Is Treatment Worth the Cost?
According to the National Institute on Drug Abuse, addiction treatment is worth the cost. It has been proven to help people avoid health, financial, and legal issues that can be extremely costly. Addiction often leads to legal problems, accidents, health decline, and the inability to maintain employment. Addiction treatment can help you avoid employment and other issues that might lead to financial ruin. On top of that, it can help you avoid issues that may threaten priceless aspects of your life, like your relationships and long-term health.
Are the Facilities Comfortable?
Yes. Maryland House Detox seeks to provide a clean and comfortable environment.
Withdrawal can be uncomfortable, so we provide an environment that promotes healing so you can focus on recovery.
Our facility is a quiet and intimate setting with a limited number of clients sharing the facility at any one time.
We also provide housekeeping and laundry services for your comfort. A chef is on-staff seven days a week to provide quality meals each day.

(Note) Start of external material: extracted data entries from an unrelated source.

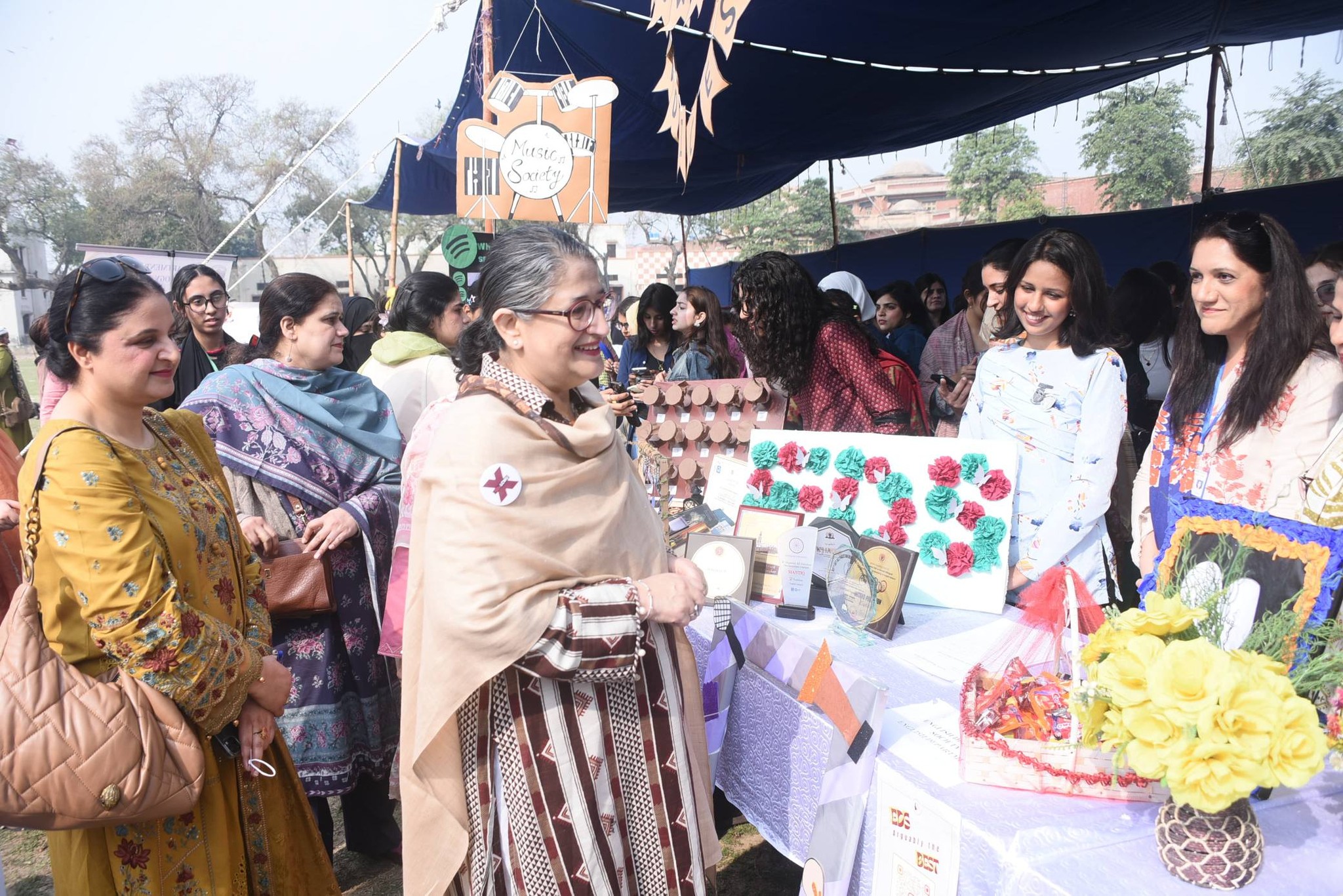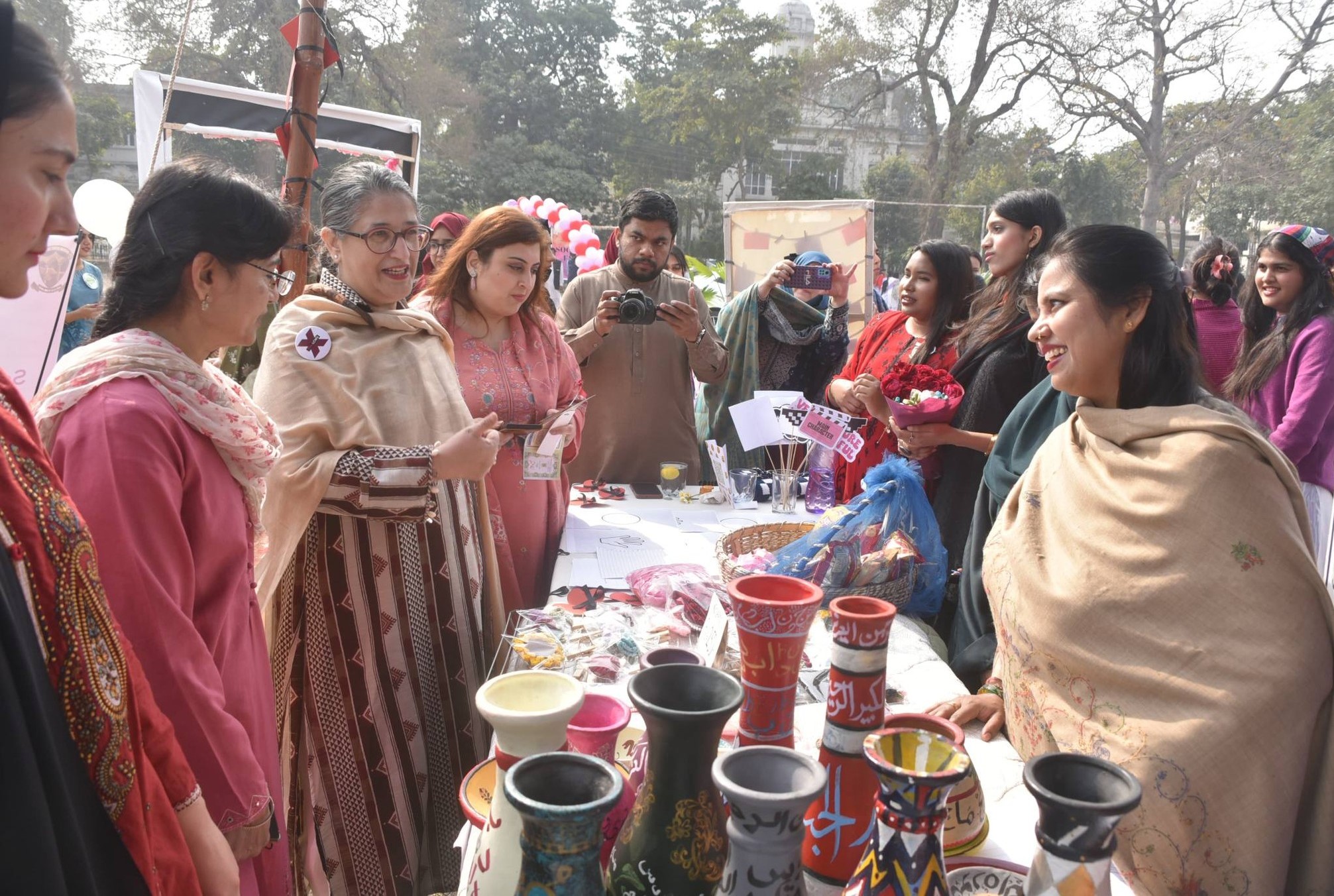 Prof. Dr. Uzma Quraishi, Vice Chancellor of the university, accompanied by the Director of Student Affairs, officials from the Directorate of Student Affairs, and faculty members, visited the stalls organized by various student societies. They commended the diverse talents on display and appreciated the students’ enthusiasm in advocating meaningful social and cultural causes.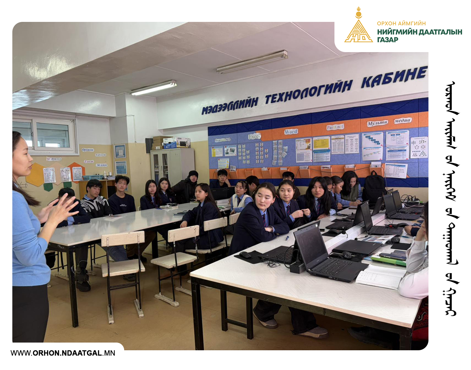 Орхон аймгийн 17 дугаар сургуулийн ахлах ангийн сурагчдад ‘Даатгалтай ирээдүй’ сэдвээр сургалт зохион байгуулж, нийгмийн даатгалын ач холбогдол, нийгмийн даатгалын цахим үйлчилгээний талаар сурталчлан таниулж ажиллалаа.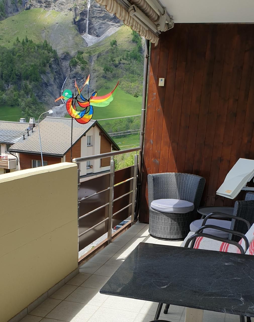 Die Wohnung öffnet sich auch nach außen hin: Ein Balkon mit traumhafter Aussicht auf Leukerbad lädt zum Verweilen ein. Mit insgesamt sieben Betten, einem zustellbaren Kinderbett und einem Hochstuhl auf Anfrage bietet diese Unterkunft genügend Platz für die ganze Familie. Der Außenbereich wird durch eine nicht direkt verbundene Einstellhalle ergänzt, die während der Sanierungszeit des Parkhauses vom 22. April bis 4. Juli 2025 nur eingeschränkt zur Verfügung steht.
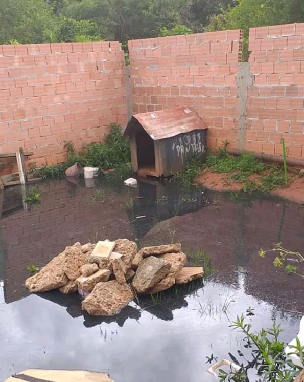 Segundo informações, parte da tubulação de esgoto se rompeu e como o terreno é em área baixa, a água escorreu toda para o local e ficou empoçada no terreno.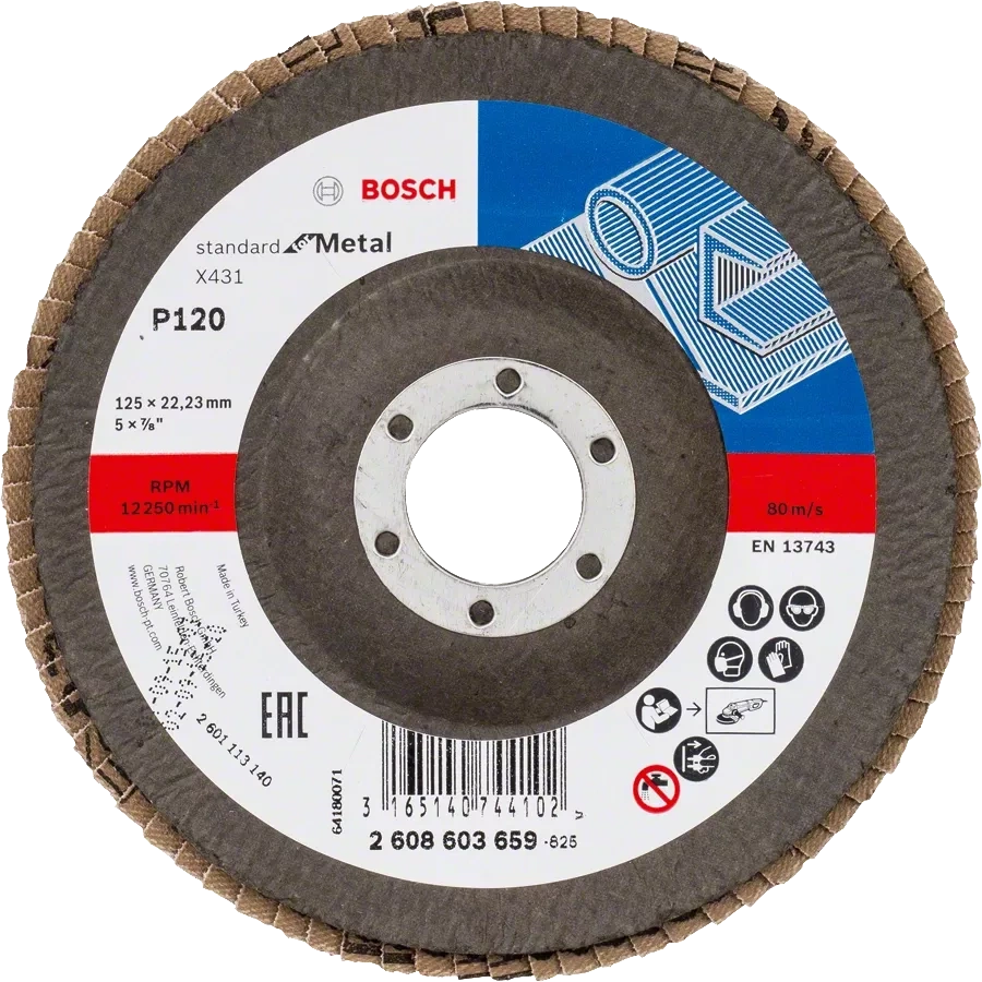 - Tarcza listkowa do metalu wypukła Bosch o średnicy 125 x 22,23 mm i ziarnistości G120 X431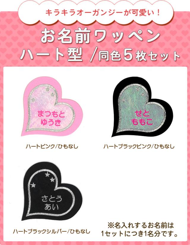 お名前ワッペン フェルト ハート型 同色5枚 ネームワッペン アイロン 入園 刺繍 プレゼント OR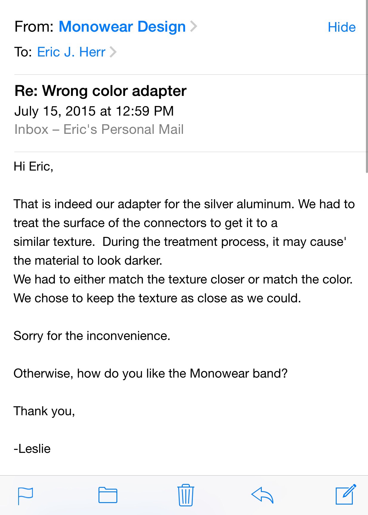 Monowear Design has awful customer service and the watch band adapters do not match at all for the aluminum Sport model. They would not pay for shipping back. She claimed it was only for defective watch bands that they pay for return shipping. I argued that the color was defective and she still will not refund. Quality certainly does not command the $65.98 price tag. I do not recommend this company at all.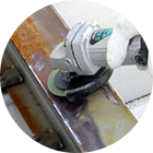 涂膜劣化后大面积产生红锈时,仅用手动工具是难以处理干净的。这时需要使用电动工具彻底除锈。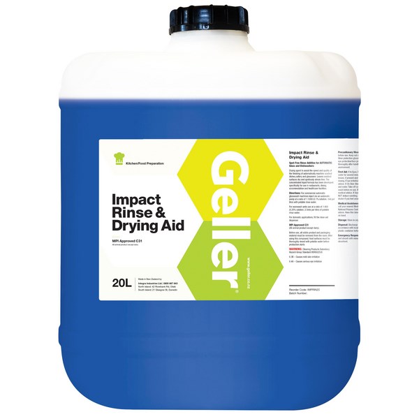 This Geller Impact Dishwasher Rinse Aid is designed to enhance drying speed and the finish quality of cutlery, glassware and dishes that are machine washed. It has been formulated for streak free drying and is highly concentrated for cost effective use. Specifically developed for use in restaurants, dining, accommodation and healthcare environments.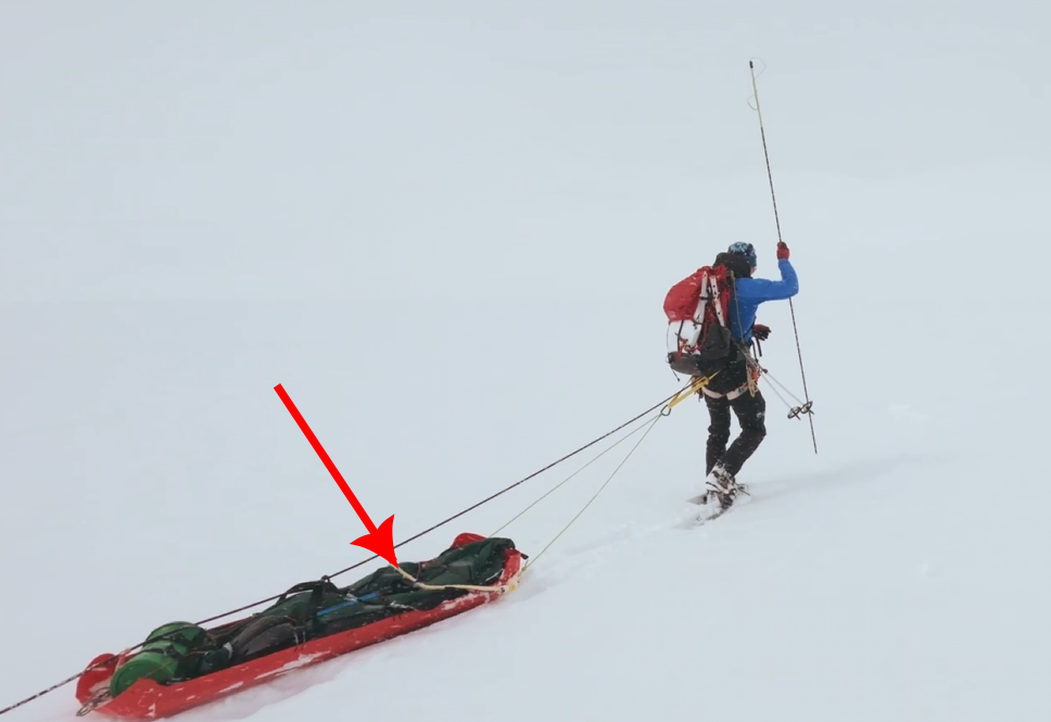 De har et tau (gult) som brukes som brems, muligens med noen knuter på. På bildet under ser du han ene guiden sin brems liggende oppå pulken: Under ser du Anne med pulken, hvor bremsen er lagt under pulken. Det vil selvfølgelig gi mere motstand og sårligere gli. Så det er vel en ettermontert brems, ja, og en ganske enkel en som sådan Vet at det er andre – sikkert her på forumet – som har noe lignende for pulkbruk i bratte nedoverbakker. -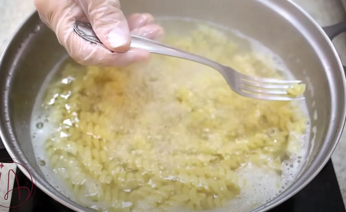 • Add 250 grams of screw noodles or other pasta of your choice;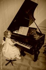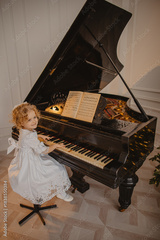 A charming 6-year-old blonde with curly hair plays the piano
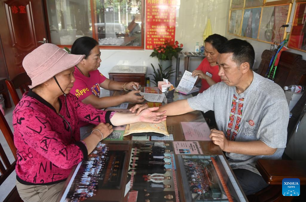 Zhao Zhongmin (1st R) takes a patient's pulse in Tongmu Township of Jinxiu Yao Autonomous County, south China's Guangxi Zhuang Autonomous Region, July 9, 2024. (Xinhua/Lu Boan)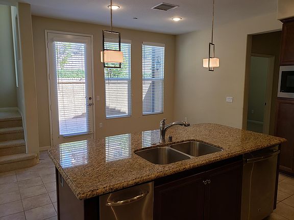 Available for move in now. SORRY NO PETS ALLOWED. Refrigerator, washer, and dryer not included. ONE OF THE LARGEST MODELS IN THE GUARD GATED ALDEA COMMUNITY. THIS HOME IS AN END UNIT SO IT SHOWS BRIGHT ALONG WITH HAVING A LARGE PATIO AND PLENTY OF STORAGE SPACE. 4 BEDROOMS AND 3 BATHROOMS (1 BEDROOM & 1 BATHROOM DOWNSTAIRS). THIS HOME FEATURES AN OPEN LAYOUT WITH UPGRADES THROUGHOUT THE HOME. RECESSED LIGHTING, UPGRADED KITCHEN BACK SPLASH, BEAUTIFUL GRANITE, KITCHEN ISLAND, TILED AND BERBER CARPET FLOORING, LAUNDRY HOOK-UPS, AND 2 CAR ATTACHED GARAGE. THIS COMMUNITY ALSO OFFERS A RECREATION CENTER WITH BBQ AREA, A LARGE RESORT STYLE COMMUNITY POOL, AND A CHILDREN'S PLAYGROUND. Tenant pays for water, electricity, trash, sewer, and gas. Landlord requires two months security deposit with good credit and income. Refrigerator, washer, and dryer not included.

While medical detox involves doctors and a high degree of medical treatment, our facility isn’t a stuffy hospital setting.
Instead, we provide modern decor and homey living spaces.
Is Maryland House Detox Accredited?
Maryland House Detox is accredited by the Joint Commission, which has awarded us the Gold Seal of Approval. The Joint Commission examines facilities for the quality and safety of the care they provide. They also examine the facility itself for comfort and safety.
What Should I Bring to Treatment?
When you decide to enter the detox program at Maryland House Detox, you can work with your intake coordinator to make sure you are prepared on your first day of treatment. They will go over everything you might need to bring. Many of your day-to-day needs will be taken care of, but there are a few essential and comfort items that it might be good to prepare before you get ready to leave. Some important things might include:
- A picture I.D.
- Your insurance card
- Any over-the-counter drugs you need
- A prescription card for medications you’re taking
- A credit or debit card
- Contact information for doctors, emergency contacts, or attorneys if needed
- A cell phone
- A week’s worth of comfortable/casual clothing
- Season/ weather appropriate clothing
- Reading material
- A journal
Avoid bringing any items that can connect to the internet, except your cell phone, which you may need to coordinate travel. Other prohibited items include weapons, drugs without a prescription, alcohol, products that contain alcohol like mouthwash, and any lewd materials like pornography.